Aim of the task:
Give back, word for word, only the lines from the opening of the records through the one with "韩国风味的泡面,口感爽滑且Q". Pictures stay out.

Data supplied:
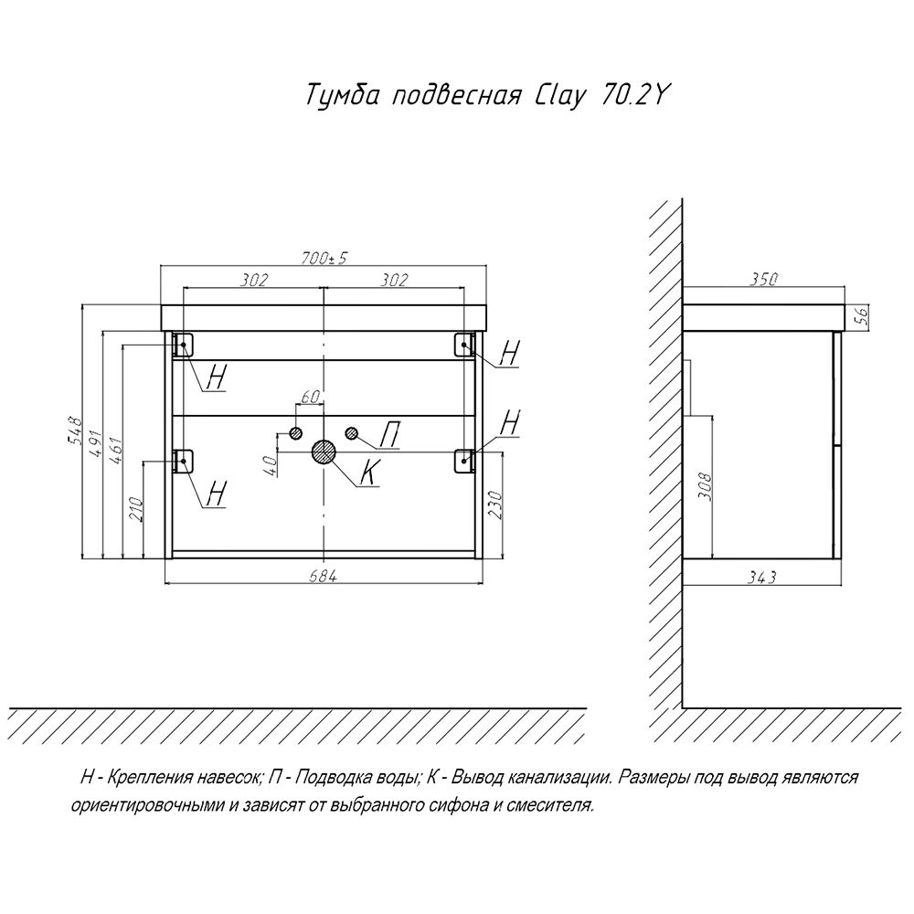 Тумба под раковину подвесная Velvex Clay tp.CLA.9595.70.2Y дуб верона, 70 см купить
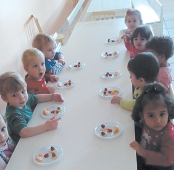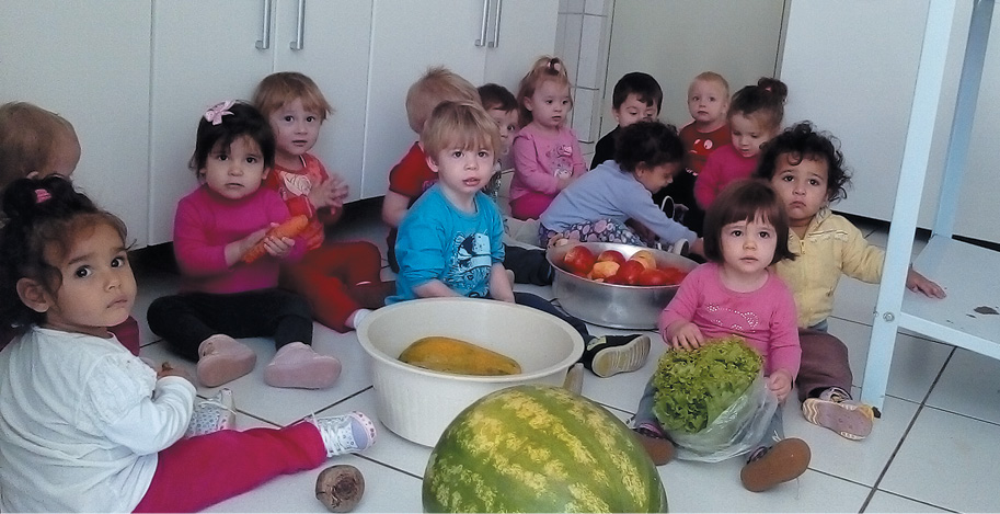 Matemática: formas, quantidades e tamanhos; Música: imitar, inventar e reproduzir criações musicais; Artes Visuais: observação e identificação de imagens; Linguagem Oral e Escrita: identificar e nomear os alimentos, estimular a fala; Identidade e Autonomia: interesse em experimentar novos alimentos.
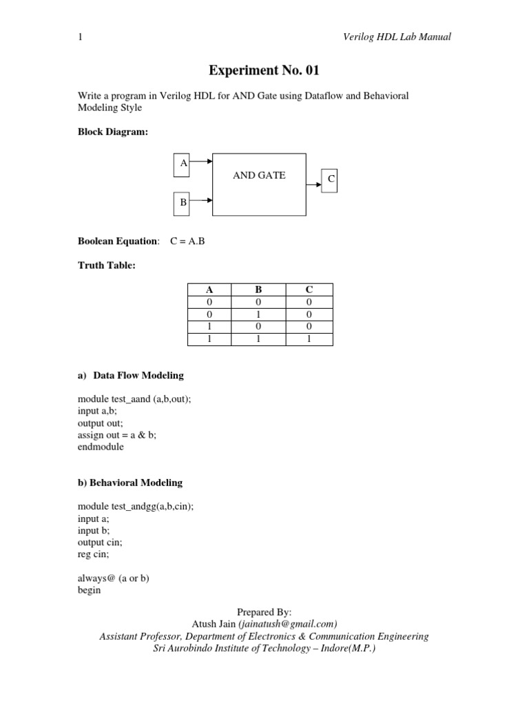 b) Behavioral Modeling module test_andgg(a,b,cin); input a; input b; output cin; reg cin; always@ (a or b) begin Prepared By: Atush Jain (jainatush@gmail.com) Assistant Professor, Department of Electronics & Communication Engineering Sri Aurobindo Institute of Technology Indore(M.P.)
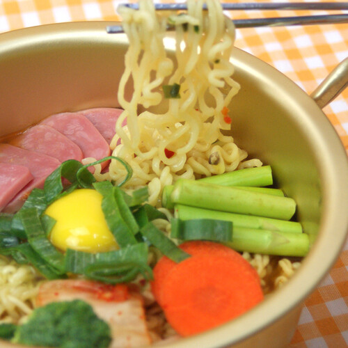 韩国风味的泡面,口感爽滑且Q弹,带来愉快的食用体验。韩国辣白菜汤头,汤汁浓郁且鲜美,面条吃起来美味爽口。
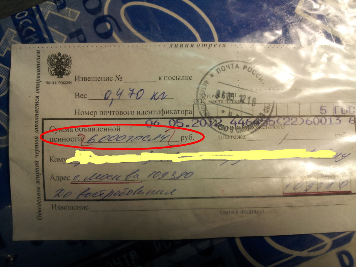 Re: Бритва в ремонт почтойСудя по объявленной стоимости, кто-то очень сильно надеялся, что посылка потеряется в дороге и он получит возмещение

Expected output:
 Тумба под раковину подвесная Velvex Clay tp.CLA.9595.70.2Y дуб верона, 70 см купить
 Matemática: formas, quantidades e tamanhos; Música: imitar, inventar e reproduzir criações musicais; Artes Visuais: observação e identificação de imagens; Linguagem Oral e Escrita: identificar e nomear os alimentos, estimular a fala; Identidade e Autonomia: interesse em experimentar novos alimentos.
 b) Behavioral Modeling module test_andgg(a,b,cin); input a; input b; output cin; reg cin; always@ (a or b) begin Prepared By: Atush Jain (jainatush@gmail.com) Assistant Professor, Department of Electronics & Communication Engineering Sri Aurobindo Institute of Technology Indore(M.P.)
 韩国风味的泡面,口感爽滑且Q弹,带来愉快的食用体验。韩国辣白菜汤头,汤汁浓郁且鲜美,面条吃起来美味爽口。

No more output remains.